The firm says that values consistently above 0.70 indicate that these ports have been importing an increasing number of containers for a long period, also negatively impacting the exports.
On a global scale, approximately 78 ports recorded CAx values higher than 0.50.
“The United States being an import destination of containers, has witnessed extraordinary number of vessels this year as the demand grew exponentially, especially in the North America region,” Schlingmeier said in a statement. “This has crippled the supply chain because the ports and the supporting ecosystem has not been prepared adequately. We need measures to collectively improve the situation at these ports, which has had a domino effect on other ports and on the global supply chain.”
The dwell fees dangled at the West Coast ports, a newly established queuing system, and the Port of Savannah’s new “popup” container yards breaking ground in Georgia and North Carolina are some of the measures currently being implemented by major U.S. ports.
The decision to push back the dwell fees after the original one-week extension was made after a meeting Monday between the U.S. port envoy, John D. Porcari, industry stakeholders and port officials. Originally set to take effect Nov. 15, the ports first delayed the $100-a-day fines to Nov. 22.

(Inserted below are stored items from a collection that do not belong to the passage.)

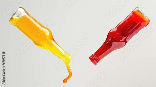 Two bottles of ketchup and one bottle of liquid condiment on a surface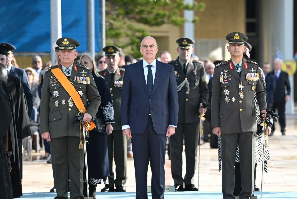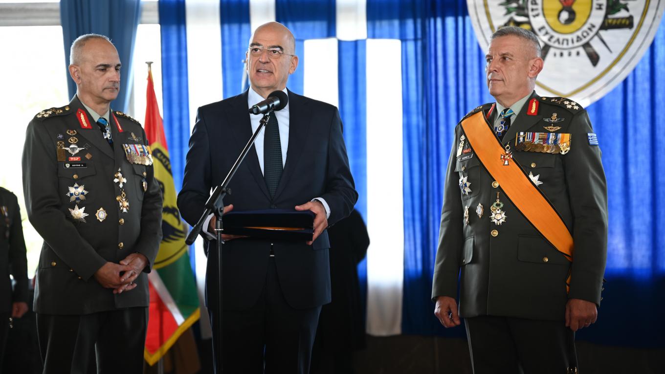 Με ευχαριστίες αλλά και ένα «παράθυρο» ανοικτό για μελλοντική συνάντηση στη μακρά πορεία, όπως χαρακτηριστικώς τόνισε, αποχαιρέτισε ο Υπουργός Εθνικής Αμύνης κ. Νίκος Δένδιας τον Επίτιμο Αρχηγό ΓΕΕΘΑ Στρατηγό Κωνσταντίνο Φλώρο, στη διάρκεια της απονομής των αναμνηστικών δώρων προς τον πρώην πλέον Αρχηγό, μετά το τέλος της επισήμου τελετής παραδόσεως παραλαβής καθηκόντων από αυτόν προν τον νέο Αρχηγό Στρατηγό Δημήτριο Χούπη, που πραγματοποιήθηκε στις εγκαταστάσεις της Στρατιωτικής Σχολής Ευελπίδων στη Βάρη Αττικής.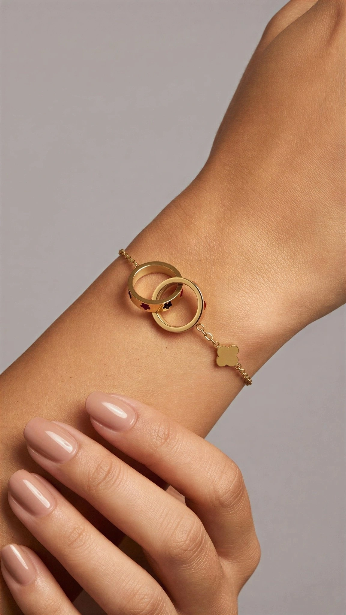 Çift Halka Model Gold Altın Kaplama Çelik Bileklik

Since the container dwell fees were first announced on Oct. 25, the two ports have seen a combined 33 percent decline in cargo left on the docks for extended periods. According to a joint statement, the executive directors of both ports “are satisfied with the progress thus far” and will review the situation next week when the latest data rolls in.
As of Monday, the Port of Los Angeles had 24 vessels at anchor, according to its Port Optimizer tool. The Port of Long Beach had 34 vessels at anchor, the company’s operations dashboard said.
The decline in languishing cargo is promising, as October marked a record month for container dwell time. Containers waited an average of 7.64 days at the marine terminals for trucks at the U.S.’s two largest ports last month, up from almost 5.94 days in September, according to recent data from the Pacific Merchant Shipping Association. Nearly half of all unloaded containers had waited for more than five days, the association said.
On the other hand, dwell times for containers leaving the terminals by rail in October improved to 3.9 days from 5.5 days in September, resulting in the most efficient month this year.
Under the temporary policy approved by the ports’ harbor commissions and developed in coordination with the Biden-Harris Supply Chain Disruptions Task Force, U.S. Department of Transportation and multiple supply chain stakeholders, ocean carriers can be charged for each import container that falls into one of two categories.
In the case of containers scheduled to move by truck, ocean carriers could be charged for every container dwelling nine days or more. For containers moving by rail, a fee could apply to ocean carriers whose containers idled for six days or longer.
The ports plan to charge ocean carriers in these two categories $100 per container, increasing in $100 increments per container each day until the container leaves the terminal.
Current dwell times are a far cry from pre-pandemic totals. On average, containers for local delivery remained on container terminals under four days, while containers destined for trains dwelled less than two days.
Any fees collected from dwelling cargo will be reinvested for programs designed to enhance efficiency, accelerate cargo velocity and address congestion impacts.